## [Task goal]
Report each line from the entries in which "onemocnění" can be found.

## [Dataset extract]
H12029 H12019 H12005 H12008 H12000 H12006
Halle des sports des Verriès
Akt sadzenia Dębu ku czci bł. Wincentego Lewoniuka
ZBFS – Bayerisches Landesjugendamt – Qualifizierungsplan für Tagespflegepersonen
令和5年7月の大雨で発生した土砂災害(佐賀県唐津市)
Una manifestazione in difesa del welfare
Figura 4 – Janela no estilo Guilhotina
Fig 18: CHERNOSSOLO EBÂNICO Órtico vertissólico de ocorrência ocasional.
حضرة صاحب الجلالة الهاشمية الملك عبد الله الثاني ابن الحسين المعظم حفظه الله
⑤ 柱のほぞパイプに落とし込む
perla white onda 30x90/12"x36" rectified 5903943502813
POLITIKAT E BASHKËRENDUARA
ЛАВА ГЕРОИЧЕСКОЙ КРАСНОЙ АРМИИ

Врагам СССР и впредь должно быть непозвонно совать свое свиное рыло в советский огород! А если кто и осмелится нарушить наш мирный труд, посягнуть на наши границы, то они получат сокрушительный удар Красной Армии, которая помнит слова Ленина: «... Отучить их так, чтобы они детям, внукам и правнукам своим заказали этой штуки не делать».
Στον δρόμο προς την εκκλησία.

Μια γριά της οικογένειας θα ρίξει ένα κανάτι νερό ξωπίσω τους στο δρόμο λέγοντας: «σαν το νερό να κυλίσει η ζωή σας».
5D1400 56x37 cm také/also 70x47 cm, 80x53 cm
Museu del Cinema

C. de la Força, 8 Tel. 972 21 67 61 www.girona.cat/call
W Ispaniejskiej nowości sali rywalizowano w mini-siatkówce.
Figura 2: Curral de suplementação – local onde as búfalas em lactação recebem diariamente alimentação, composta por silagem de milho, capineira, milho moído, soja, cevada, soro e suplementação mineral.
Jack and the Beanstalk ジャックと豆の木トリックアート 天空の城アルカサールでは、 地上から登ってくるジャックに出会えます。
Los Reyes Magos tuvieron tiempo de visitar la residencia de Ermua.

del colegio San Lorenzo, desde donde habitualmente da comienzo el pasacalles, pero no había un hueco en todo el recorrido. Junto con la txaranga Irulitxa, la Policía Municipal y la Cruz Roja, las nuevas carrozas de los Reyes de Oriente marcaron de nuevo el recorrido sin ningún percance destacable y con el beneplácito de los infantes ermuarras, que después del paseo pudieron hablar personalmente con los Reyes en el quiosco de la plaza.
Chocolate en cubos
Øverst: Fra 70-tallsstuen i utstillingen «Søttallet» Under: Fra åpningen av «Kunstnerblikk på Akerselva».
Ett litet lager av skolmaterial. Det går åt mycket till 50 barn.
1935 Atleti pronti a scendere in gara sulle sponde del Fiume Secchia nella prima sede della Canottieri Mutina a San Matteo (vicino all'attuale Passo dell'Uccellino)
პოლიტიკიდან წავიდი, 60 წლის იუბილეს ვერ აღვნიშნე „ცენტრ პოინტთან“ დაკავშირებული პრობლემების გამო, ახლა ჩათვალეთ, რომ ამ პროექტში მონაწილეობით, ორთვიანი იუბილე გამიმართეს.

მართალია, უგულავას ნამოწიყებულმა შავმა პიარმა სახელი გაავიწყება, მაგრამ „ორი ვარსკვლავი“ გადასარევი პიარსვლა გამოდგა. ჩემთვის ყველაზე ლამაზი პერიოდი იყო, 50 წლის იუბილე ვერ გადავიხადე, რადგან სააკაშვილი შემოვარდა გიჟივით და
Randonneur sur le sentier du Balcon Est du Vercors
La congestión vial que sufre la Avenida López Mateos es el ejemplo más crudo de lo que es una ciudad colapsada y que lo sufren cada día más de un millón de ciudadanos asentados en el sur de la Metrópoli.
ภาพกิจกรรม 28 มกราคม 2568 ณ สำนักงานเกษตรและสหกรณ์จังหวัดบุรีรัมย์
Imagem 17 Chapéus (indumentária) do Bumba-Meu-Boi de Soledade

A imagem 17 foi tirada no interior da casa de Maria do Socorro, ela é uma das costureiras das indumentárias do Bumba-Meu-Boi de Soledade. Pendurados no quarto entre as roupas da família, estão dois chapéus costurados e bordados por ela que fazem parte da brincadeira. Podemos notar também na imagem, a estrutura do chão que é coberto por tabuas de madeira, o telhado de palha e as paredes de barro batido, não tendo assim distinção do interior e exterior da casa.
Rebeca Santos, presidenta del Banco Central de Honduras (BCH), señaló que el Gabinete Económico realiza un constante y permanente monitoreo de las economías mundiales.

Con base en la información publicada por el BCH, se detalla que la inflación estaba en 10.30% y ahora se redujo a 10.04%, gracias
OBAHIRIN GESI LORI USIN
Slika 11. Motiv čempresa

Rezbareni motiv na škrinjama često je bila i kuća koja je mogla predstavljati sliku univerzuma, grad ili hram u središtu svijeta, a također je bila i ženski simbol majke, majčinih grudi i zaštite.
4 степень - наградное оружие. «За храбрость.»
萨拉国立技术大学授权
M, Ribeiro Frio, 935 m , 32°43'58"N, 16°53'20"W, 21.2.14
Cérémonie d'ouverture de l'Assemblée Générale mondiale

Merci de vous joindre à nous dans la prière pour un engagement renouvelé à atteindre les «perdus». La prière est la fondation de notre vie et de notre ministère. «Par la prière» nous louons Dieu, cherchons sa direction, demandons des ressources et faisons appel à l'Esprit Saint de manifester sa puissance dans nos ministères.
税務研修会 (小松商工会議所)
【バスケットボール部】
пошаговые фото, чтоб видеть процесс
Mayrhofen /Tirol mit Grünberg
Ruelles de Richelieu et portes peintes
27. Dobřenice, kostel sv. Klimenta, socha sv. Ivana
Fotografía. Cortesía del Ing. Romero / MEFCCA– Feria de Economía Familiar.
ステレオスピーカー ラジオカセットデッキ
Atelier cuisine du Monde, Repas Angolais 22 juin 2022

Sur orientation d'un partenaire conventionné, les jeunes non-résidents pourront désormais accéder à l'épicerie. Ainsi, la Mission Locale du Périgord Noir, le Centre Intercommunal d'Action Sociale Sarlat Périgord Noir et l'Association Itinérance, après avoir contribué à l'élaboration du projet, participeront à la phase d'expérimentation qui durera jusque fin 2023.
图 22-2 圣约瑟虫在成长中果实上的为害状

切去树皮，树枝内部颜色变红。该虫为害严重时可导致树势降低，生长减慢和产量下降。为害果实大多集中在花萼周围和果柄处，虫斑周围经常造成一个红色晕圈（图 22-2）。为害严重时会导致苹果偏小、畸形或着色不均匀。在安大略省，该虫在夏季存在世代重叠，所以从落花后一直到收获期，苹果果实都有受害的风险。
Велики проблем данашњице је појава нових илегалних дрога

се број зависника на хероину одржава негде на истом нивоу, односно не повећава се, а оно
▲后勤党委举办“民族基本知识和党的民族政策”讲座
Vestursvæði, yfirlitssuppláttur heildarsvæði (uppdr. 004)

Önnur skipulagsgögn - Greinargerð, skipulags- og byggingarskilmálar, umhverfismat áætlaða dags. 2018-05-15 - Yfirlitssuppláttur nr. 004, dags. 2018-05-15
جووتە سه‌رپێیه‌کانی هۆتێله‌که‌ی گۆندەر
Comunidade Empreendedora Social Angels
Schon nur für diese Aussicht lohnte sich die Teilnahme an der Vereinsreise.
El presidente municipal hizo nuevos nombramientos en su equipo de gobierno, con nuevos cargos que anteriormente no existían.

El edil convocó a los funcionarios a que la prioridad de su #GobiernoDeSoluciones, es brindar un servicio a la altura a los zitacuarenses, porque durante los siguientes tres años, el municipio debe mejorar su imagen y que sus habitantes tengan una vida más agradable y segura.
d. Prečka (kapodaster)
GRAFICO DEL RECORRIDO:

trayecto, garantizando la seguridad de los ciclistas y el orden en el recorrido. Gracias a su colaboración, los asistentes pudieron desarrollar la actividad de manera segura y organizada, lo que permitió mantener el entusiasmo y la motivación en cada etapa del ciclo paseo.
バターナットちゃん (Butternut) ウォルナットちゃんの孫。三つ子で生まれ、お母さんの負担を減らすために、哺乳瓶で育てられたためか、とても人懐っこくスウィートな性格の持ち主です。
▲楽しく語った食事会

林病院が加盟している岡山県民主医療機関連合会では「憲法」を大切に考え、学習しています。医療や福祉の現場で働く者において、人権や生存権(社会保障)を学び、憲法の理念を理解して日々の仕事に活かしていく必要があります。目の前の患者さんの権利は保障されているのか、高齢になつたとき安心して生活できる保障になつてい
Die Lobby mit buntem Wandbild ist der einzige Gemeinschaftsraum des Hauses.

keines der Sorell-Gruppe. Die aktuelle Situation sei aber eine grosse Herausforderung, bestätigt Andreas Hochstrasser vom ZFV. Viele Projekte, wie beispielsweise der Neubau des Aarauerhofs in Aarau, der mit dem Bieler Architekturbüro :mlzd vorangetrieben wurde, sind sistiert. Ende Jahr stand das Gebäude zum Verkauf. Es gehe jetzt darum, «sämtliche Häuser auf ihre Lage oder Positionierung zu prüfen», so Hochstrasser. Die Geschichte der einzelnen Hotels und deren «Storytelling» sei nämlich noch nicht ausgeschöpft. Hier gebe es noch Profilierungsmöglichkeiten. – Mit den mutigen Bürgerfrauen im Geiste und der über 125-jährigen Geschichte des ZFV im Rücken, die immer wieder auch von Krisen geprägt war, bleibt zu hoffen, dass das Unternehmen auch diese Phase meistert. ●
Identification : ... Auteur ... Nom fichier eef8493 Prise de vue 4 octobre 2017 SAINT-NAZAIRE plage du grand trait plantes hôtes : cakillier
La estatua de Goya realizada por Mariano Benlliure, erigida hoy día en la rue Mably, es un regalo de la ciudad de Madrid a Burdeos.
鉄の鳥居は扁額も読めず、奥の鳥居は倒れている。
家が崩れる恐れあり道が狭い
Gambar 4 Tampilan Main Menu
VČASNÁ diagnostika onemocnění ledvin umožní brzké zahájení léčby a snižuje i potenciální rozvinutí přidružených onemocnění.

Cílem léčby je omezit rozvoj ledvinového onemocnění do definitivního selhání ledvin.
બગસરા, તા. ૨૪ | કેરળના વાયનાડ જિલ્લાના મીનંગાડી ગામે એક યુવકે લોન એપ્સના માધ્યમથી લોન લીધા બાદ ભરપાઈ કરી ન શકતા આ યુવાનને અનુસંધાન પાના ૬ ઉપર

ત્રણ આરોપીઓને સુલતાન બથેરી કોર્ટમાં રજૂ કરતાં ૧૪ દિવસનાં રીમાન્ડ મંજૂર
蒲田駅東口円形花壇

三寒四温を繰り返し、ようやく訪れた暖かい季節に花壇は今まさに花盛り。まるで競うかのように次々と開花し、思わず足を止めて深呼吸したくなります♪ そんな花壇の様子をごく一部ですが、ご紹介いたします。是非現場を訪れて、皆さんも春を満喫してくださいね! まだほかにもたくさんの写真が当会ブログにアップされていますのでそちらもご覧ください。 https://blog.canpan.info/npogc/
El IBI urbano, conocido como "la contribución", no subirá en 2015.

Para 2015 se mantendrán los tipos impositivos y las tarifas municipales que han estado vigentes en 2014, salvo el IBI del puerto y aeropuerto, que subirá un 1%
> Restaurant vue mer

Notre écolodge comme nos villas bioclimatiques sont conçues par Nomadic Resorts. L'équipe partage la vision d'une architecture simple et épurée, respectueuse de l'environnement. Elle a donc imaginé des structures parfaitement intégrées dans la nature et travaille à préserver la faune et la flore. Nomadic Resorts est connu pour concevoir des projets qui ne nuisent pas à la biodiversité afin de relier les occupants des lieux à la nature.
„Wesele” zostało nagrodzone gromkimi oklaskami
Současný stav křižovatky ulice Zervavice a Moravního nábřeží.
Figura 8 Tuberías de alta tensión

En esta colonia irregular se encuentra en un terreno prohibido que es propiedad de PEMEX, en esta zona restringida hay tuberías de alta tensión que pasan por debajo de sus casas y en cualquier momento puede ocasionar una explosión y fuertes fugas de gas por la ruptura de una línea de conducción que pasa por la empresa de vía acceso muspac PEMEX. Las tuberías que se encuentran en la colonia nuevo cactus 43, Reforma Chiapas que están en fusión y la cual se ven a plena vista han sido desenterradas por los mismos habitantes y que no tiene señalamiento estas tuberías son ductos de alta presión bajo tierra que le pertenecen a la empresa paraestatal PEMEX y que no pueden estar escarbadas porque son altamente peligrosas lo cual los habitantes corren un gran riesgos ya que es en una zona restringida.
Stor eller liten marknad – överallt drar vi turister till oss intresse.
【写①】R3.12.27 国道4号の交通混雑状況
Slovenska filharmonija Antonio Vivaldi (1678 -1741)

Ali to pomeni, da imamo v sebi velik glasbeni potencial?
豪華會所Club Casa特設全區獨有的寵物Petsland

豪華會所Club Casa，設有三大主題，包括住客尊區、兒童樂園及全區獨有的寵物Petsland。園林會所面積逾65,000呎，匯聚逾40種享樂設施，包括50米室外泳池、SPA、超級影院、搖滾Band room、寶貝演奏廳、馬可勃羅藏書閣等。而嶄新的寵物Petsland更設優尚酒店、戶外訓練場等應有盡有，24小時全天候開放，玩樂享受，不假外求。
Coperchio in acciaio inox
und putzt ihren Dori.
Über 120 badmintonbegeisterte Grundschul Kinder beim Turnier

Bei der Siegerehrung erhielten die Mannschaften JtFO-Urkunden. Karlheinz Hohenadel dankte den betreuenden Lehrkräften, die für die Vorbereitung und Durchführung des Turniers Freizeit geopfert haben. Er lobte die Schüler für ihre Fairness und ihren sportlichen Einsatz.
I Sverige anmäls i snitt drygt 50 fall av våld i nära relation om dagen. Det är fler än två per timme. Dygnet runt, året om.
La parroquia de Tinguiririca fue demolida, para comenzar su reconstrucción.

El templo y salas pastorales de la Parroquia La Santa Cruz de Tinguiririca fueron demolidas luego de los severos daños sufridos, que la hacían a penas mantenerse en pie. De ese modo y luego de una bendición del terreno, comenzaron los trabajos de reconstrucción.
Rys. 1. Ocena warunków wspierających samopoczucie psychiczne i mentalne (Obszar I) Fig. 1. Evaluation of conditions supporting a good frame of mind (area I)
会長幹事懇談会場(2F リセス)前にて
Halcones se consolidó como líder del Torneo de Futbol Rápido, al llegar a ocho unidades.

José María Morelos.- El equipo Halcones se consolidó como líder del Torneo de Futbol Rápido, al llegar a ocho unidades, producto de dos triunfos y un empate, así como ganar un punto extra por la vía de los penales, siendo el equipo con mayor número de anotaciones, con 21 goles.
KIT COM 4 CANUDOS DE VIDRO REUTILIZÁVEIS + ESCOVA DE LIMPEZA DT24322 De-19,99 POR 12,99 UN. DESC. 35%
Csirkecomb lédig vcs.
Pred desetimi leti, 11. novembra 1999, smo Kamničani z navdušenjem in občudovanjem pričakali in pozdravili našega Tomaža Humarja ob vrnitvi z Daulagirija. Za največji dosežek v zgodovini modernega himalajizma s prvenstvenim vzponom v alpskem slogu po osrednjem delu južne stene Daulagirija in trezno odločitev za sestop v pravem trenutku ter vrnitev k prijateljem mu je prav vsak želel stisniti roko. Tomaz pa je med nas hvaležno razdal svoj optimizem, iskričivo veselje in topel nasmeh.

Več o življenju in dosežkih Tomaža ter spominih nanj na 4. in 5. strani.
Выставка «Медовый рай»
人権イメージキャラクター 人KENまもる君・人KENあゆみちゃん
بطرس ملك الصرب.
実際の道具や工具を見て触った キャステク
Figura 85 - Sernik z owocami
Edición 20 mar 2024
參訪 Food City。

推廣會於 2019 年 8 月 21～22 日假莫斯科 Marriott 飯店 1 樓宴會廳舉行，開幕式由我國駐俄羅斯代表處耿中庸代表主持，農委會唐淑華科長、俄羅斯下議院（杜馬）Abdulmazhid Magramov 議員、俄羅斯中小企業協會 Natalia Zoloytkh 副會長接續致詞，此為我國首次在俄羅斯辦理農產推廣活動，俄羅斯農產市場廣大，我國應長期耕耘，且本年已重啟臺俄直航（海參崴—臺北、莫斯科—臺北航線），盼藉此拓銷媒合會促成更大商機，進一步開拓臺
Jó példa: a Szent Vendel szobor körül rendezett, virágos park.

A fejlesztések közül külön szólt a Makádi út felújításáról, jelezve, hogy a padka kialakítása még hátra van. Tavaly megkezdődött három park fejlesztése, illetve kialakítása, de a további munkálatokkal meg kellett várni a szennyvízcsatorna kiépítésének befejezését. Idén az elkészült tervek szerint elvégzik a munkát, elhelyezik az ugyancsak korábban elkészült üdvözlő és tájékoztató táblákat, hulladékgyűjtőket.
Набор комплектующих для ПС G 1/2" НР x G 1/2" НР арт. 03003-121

## [Exercise response]
VČASNÁ diagnostika onemocnění ledvin umožní brzké zahájení léčby a snižuje i potenciální rozvinutí přidružených onemocnění.
Cílem léčby je omezit rozvoj ledvinového onemocnění do definitivního selhání ledvin.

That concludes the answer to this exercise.